▸ Your objective:
What you write must match, character for character, the lines from the one with "Als Teil der" down to the one with "Polyester and cotton-blend" in the listing below, minus its pictures.

*** Data to examine ***

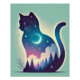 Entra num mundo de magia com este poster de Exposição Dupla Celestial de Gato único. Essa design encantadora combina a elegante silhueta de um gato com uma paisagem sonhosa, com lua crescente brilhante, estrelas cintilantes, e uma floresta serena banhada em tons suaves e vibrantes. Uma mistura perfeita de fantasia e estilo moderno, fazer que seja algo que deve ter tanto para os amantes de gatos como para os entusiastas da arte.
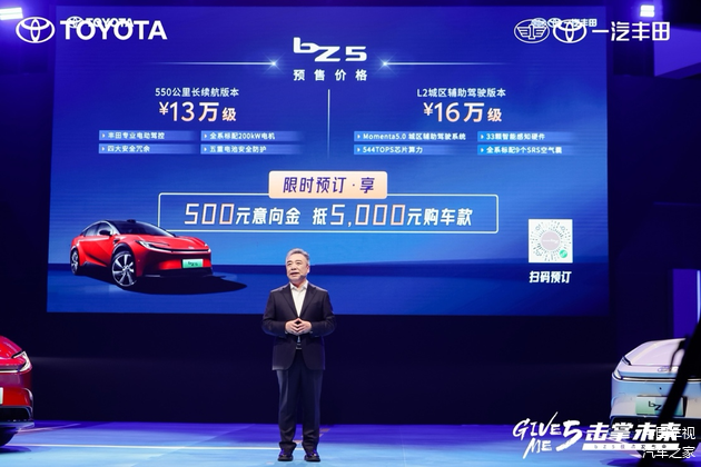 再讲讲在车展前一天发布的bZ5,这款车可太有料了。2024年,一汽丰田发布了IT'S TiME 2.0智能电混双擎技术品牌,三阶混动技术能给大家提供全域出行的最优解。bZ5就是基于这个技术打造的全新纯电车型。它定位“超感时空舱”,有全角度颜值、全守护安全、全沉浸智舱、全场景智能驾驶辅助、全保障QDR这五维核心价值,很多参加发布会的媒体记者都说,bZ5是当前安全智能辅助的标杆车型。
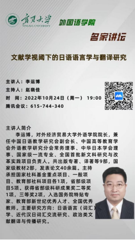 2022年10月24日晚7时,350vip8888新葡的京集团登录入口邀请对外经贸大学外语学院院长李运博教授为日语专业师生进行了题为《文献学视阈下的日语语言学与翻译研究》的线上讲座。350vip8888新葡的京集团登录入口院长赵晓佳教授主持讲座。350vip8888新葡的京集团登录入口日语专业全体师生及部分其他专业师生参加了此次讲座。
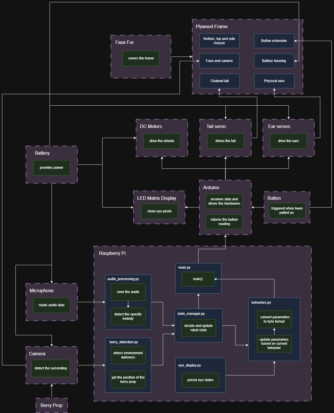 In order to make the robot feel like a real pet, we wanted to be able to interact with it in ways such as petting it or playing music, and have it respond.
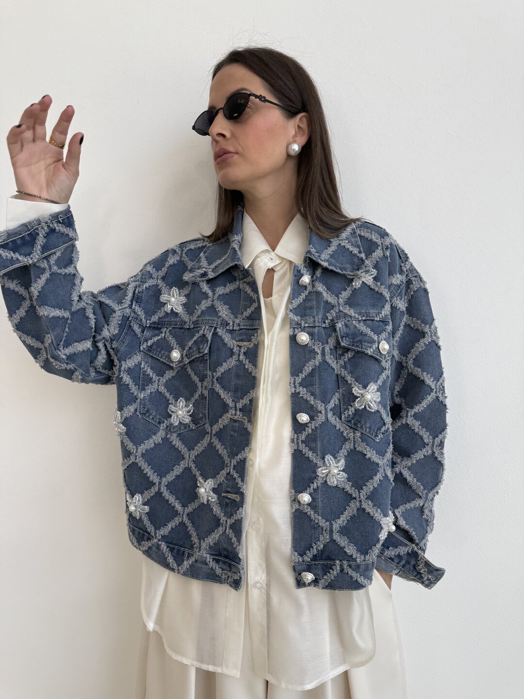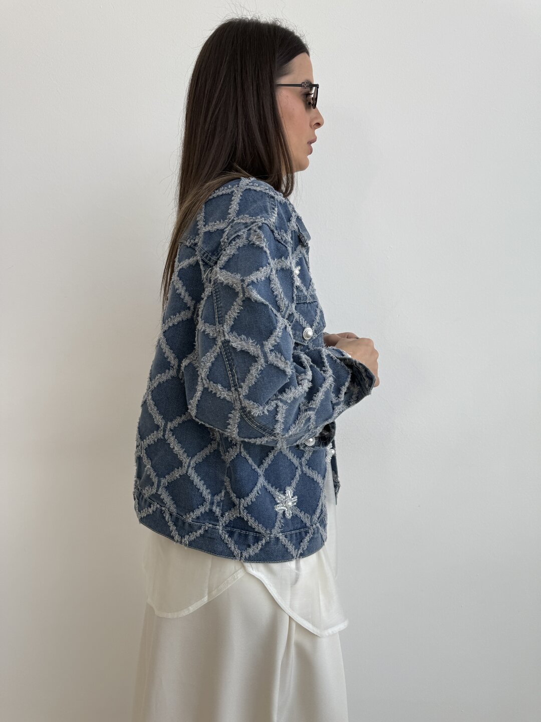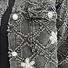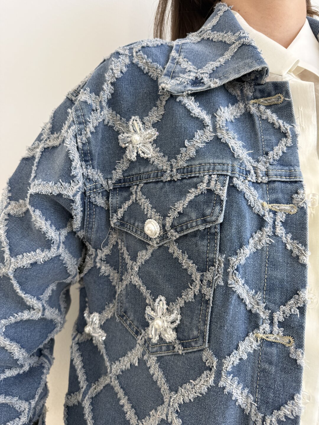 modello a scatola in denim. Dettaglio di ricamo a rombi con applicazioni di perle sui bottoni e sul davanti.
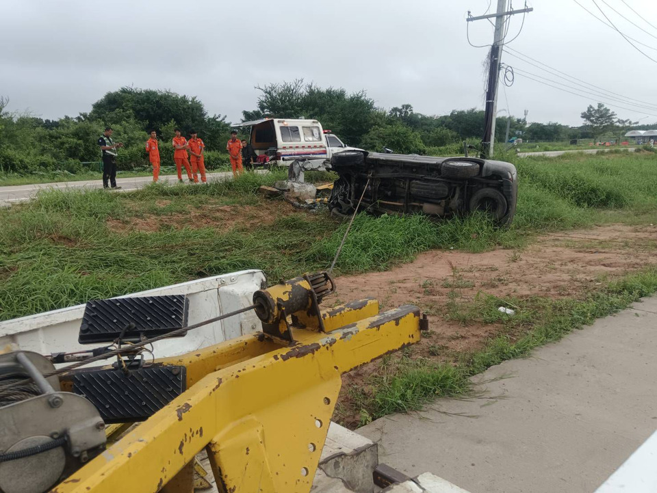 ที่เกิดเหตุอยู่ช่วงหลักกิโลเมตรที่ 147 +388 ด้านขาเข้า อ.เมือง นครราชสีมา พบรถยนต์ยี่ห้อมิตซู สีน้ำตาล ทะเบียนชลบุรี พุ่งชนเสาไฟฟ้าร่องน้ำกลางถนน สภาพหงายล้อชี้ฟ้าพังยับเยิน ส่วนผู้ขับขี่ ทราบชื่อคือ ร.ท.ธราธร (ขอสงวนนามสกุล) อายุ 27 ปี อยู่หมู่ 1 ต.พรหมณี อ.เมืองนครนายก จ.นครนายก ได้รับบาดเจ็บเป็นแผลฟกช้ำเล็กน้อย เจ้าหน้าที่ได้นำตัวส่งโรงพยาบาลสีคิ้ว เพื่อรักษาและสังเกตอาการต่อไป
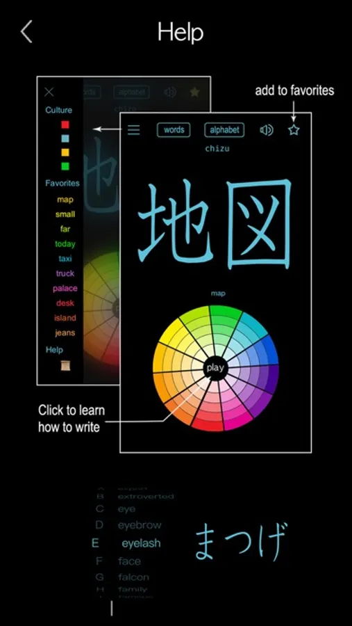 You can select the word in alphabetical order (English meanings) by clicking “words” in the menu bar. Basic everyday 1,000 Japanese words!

*** End of Data to examine ***
*** Data to examine ***

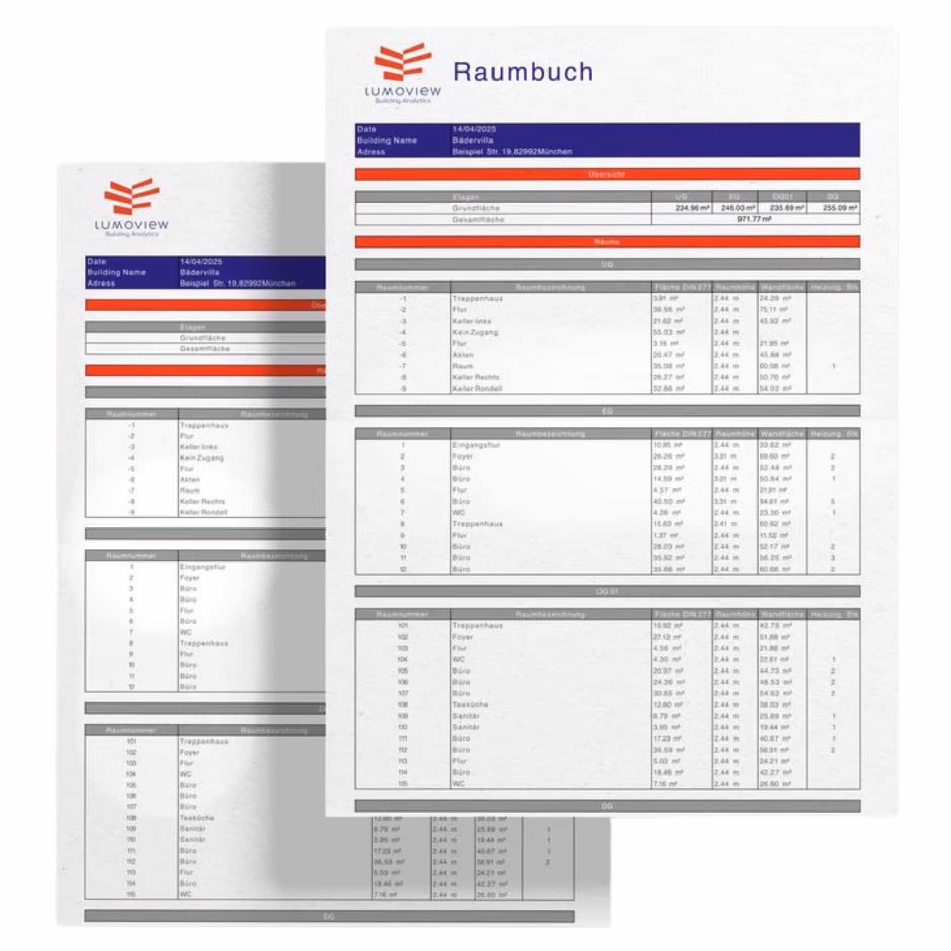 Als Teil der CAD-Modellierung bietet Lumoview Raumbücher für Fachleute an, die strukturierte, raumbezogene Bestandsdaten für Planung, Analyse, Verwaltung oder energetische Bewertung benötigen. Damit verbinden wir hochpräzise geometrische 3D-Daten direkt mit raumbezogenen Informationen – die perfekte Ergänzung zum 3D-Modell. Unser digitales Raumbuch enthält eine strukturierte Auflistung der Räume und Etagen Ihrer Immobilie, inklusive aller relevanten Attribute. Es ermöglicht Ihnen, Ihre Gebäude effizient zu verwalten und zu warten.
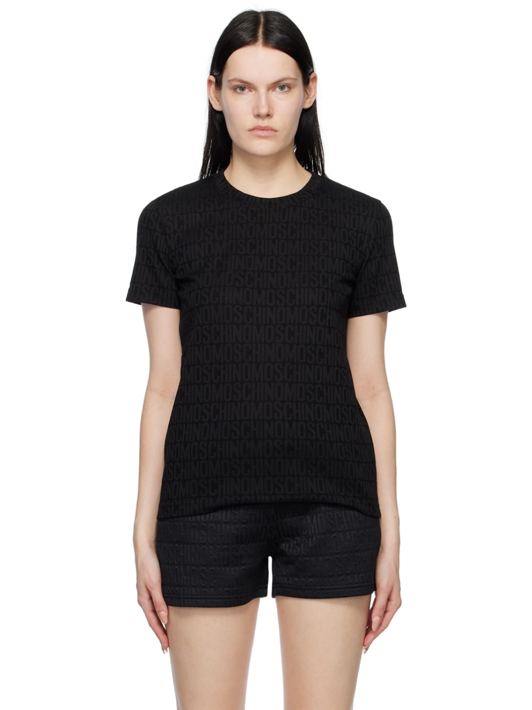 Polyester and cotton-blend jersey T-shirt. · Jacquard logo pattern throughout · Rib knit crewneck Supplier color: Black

*** End of Data to examine ***

▸ Response area:
 Als Teil der CAD-Modellierung bietet Lumoview Raumbücher für Fachleute an, die strukturierte, raumbezogene Bestandsdaten für Planung, Analyse, Verwaltung oder energetische Bewertung benötigen. Damit verbinden wir hochpräzise geometrische 3D-Daten direkt mit raumbezogenen Informationen – die perfekte Ergänzung zum 3D-Modell. Unser digitales Raumbuch enthält eine strukturierte Auflistung der Räume und Etagen Ihrer Immobilie, inklusive aller relevanten Attribute. Es ermöglicht Ihnen, Ihre Gebäude effizient zu verwalten und zu warten.
 Polyester and cotton-blend jersey T-shirt. · Jacquard logo pattern throughout · Rib knit crewneck Supplier color: Black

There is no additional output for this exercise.